In any case, I appreciate your work in this area and will be eager to learn the results of your research.

MMcC:

Thank you very much for the article which I and the rest of the team read with interest. As mentioned previously, we won’t be able to deploy any scales in fieldwork for this administrative data linkage project, but we are keen to develop further research following on from this study. We will keep in contact about developments and future possibilities for using the PBPI.

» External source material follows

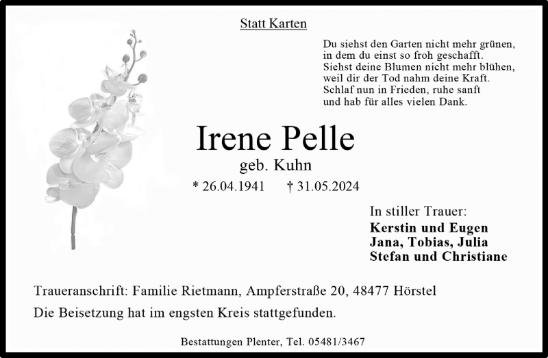 Hier finden Sie alle Traueranzeigen aus der Zeitung, die bisher für Irene Pelle erschienen sind. Weitere Traueranzeigen, die in der Zeitung erscheinen, werden hier ebenfalls aufgelistet

Thanks again for your interest in the study, please keep checking in with the Blog (subscribe to the RSS feed would be an easy way to keep up to date) as we’ll be posting about progress and findings over the course of the study.

RP:

Dear Mark,

I do understand the limits of a records-based, statistical methodology in this study. I hope that you can gain access to hospitalization records, since I believe that would be a much better proxy for “severity” than medication prescription (for all the reasons we have discussed). I will try to “tune in” to your website from time to time; and, I do hope you find the PBPI of use at some time in your work, and I would be happy to hear any feedback on it. Many thanks for the informative note. You certainly have my permission to post my comments, either verbatim or edited, on your website.